Mystery solved: Star biotech team rallies behind a $36M diabetes spinout from Salk

Rich Heyman

The mystery of Ron Evans' new biotech startup has been solved. Armed with $36 million in cash from A-list venture investors and backed by a pro team recruited from Rich Heyman's Aragon/Seragon starring cancer drug startups, the prominent Salk investigator and his old buddy Heyman are coming out of stealth mode today with a new company called Metacrine.

"We have two assets out of Salk," says Takeda vet Neil McDonnell, who was brought in to run the show as CEO of the San Diego-based company. "One is an insulin sensitizer and the other has applications in NASH and other kinds of liver diseases."

Evans specialized early on in the role that nuclear hormone receptors play in cancer, and he's also been working on a new treatment that controls the formation of fat cells--which could play a big role in treating Type 2 diabetes.

The news resolves a mystery that first popped up last April as Metacrine filed a form with the SEC on its fundraising work. The combination of Evans' name alongside the Aragon/Seragon crowd quickly fanned rumors over the biotech's drug target and plans.

Neil McDonnell

Diabetes is a big field dominated by a small herd of pharma giants like Sanofi ($SNY), Novo Nordisk ($NVO), Eli Lilly ($LLY) and Johnson & Johnson ($JNJ). Lining up alongside that major league rivalry you'll find 14 staffers currently on board at Metacrine, including a medicinal chemistry team and business staffers who helped create--and sell--Aragon (a $1 billion deal) and Seragon ($1.7 billion-plus) to J&J and Roche ($RHHBY), two of the biggest players in biopharma. And Metacrine is also aiming high.

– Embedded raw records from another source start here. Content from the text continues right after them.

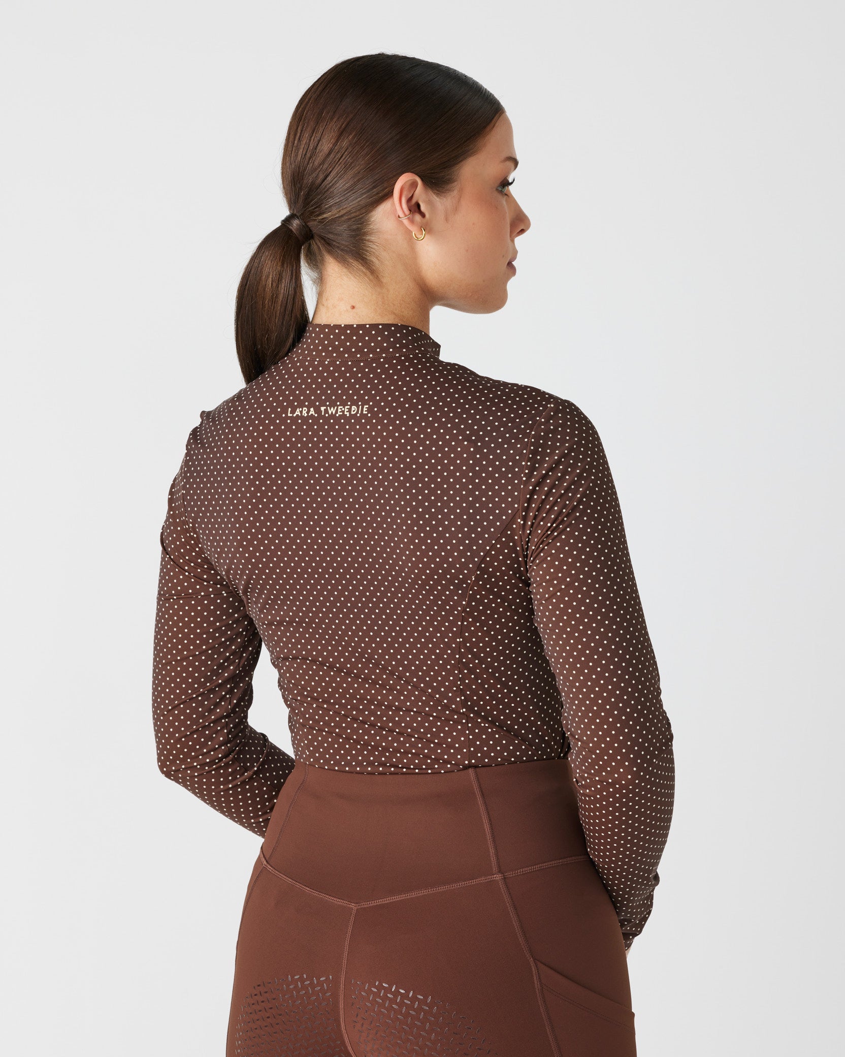 Details: Chocolate LT logo badge, Cream Lara Tweedie tonal logo on back neck.
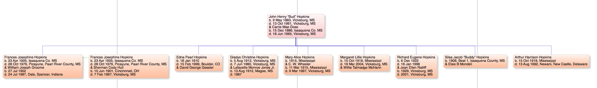 John Henry and Carrie Mae Dose Hopkins family tree, two generations. Zoom your browser to read or go to end of this page.
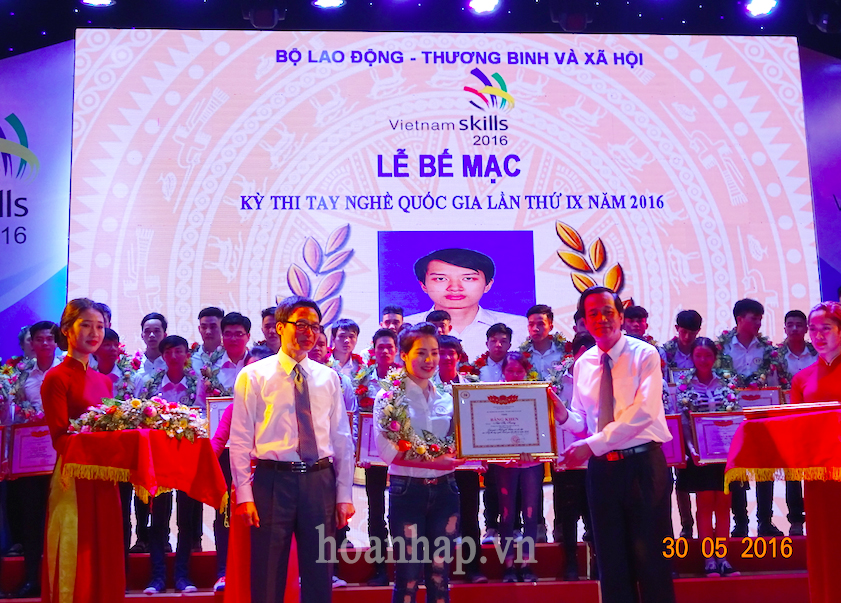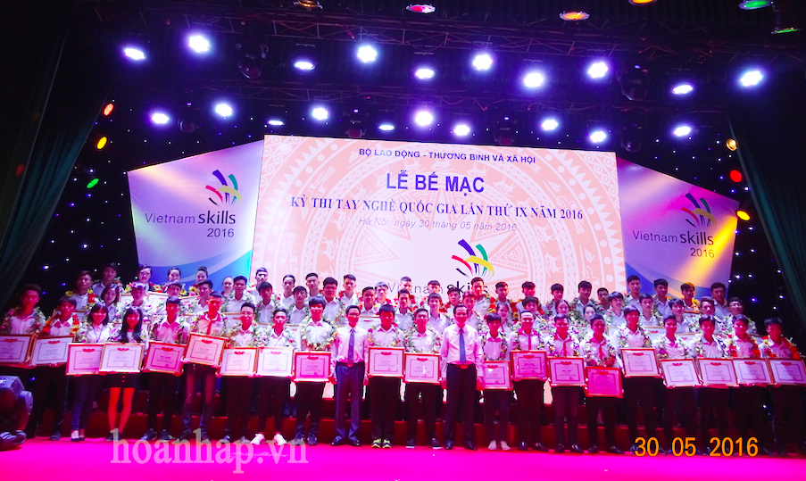 HOANHAP.VN - Tối 30/5/2016, tại Trường Đại học Công nghiệp Hà Nội đã diễn ra Lễ bế mạc Kỳ thi tay nghề quốc gia lần thứ IX, năm 2016. Sau 7 ngày diễn ra tranh tài tại 5 Hội đồng thi cuối cùng đã lựa chọn được 65 thí sinh đạt giải nhất, 24 thí sinh đạt giải nhì, 57 thí sinh đạt giải ba và 221 thí sinh đạt giải khuyến khích. Hà Nội và TP Hồ Chí Minh là hai đoàn đứng đầu có thí sinh đạt giải cao nhất.
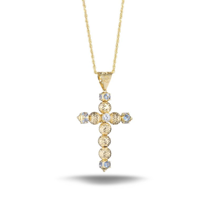 Fa parte della terza capsule della collezione Milleluci la collana con croce impreziosita da sfere sfaccettate da 6 mm e dettagli in sfere azzurre. Una creazione dal fascino luminoso e dall’eleganza senza tempo, pensata per chi ama distinguersi con stile. Un gioiello da non perdere.
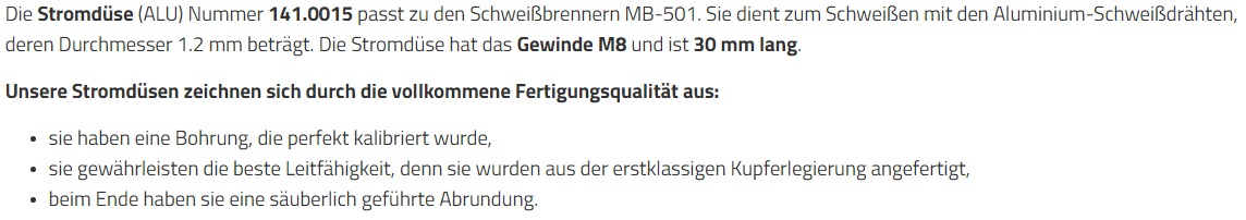 • Stromdüse MB501 M8x30x1.2mm ALU 141.0015
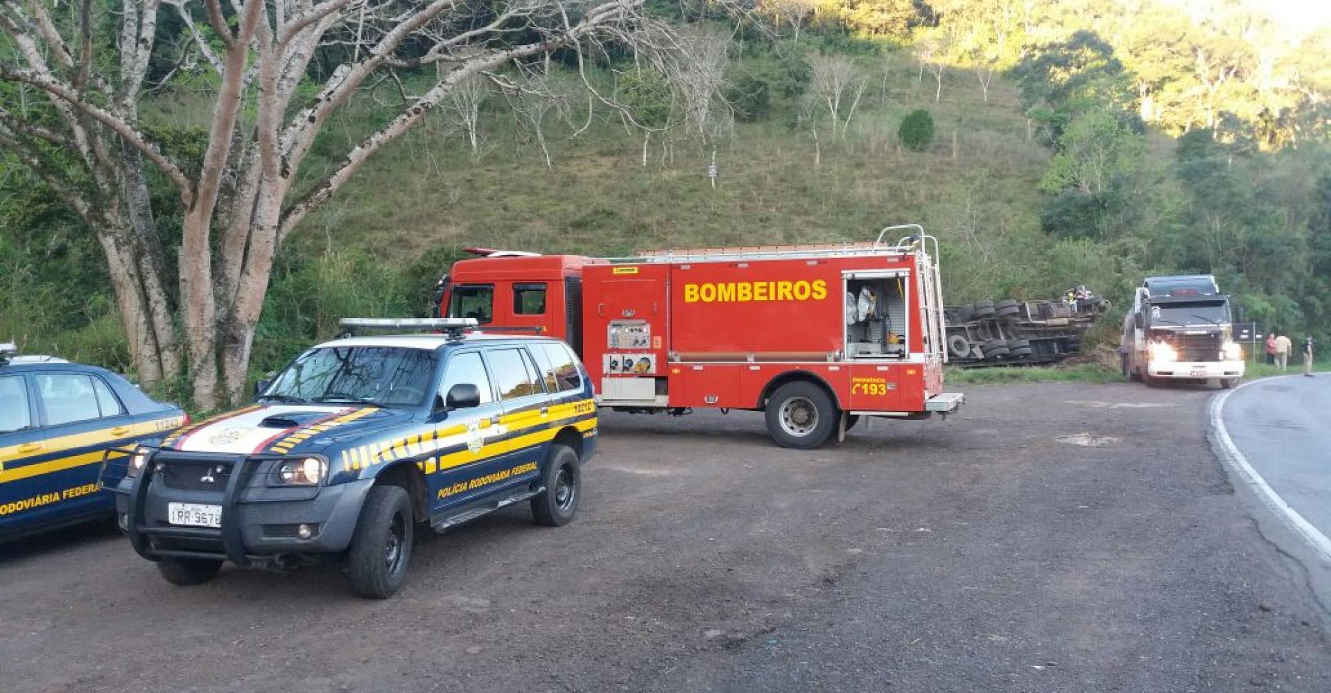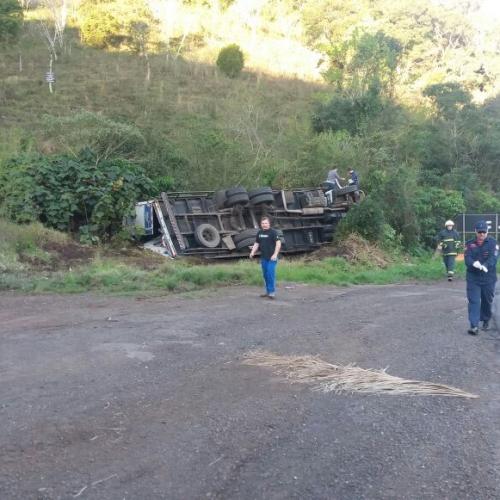 Caminhão sai da pista e deixa um ferido na Serra de Pouso Novo
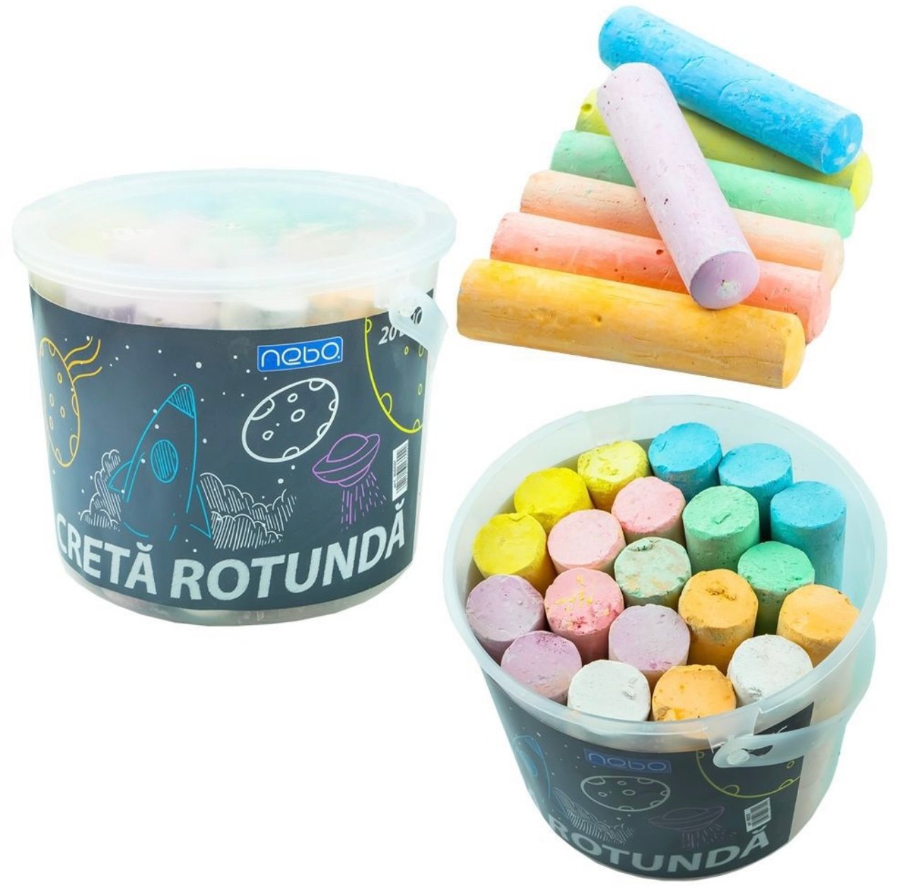 Set Creta Colorată Rotundă Nebo Engros – 20 Bucăți în Găletușă, pentru Desen pe Asfalt și Tablă | Culori Vii, Ideal pentru Copii și Școală

"If you look at what most drugs do," says McDonnell, the main job is to "produce more insulin, safely." The trick is to differentiate yourself somehow, which helped inspire a wave of new drugs like SGLT2 therapies. "Now," he adds, "the Holy Grail is to find drugs that improve insulin sensitivity."

Conventional wisdom in biotech would assert that Metacrine is facing tough odds. Phase III diabetes programs require multiple, expensive studies with thousands of patients to demonstrate a clear safety profile for a primary care disease with millions of patients. That can leave a biotech out twisting in the wind unless a major partner comes along to collaborate following proof-of-concept data. NASH, meanwhile, has been attracting a growing number of developers as the patient crowd afflicted by fatty liver disease swells rapidly.

In part because the diabetes field is so competitive, Metacrine isn't saying much by way of explaining the biologic pathway that it's blazing. But McDonnell says that he has solid animal data from multiple models in hand, and given the way the drug works, he expects that the company can start to nail down its own proof-of-concept data among diabetics early on in the clinic.

Just don't ask the CEO for a timeline on clinical studies, because he's not providing that right now either.

McDonnell first got involved with the close-knit group at Metacrine at JP Morgan last January. The former diabetes R&D chief at Takeda has close ties to UCSD Professor Jerry Olefsky, a Takeda adviser who had worked with Evans on some of the early diabetes research. When Evans said they were looking for a CEO, Olefsky offered McDonnell's name. Heyman, the executive chairman at the company, and Evans go all the way back to their postdoc days.

Arch Venture Partners, which has been tilting against a score of biotech windmills in recent years in pursuit of groundbreaking scientific advances, joined EcoR1 Capital, Polaris Partners and venBio in the round.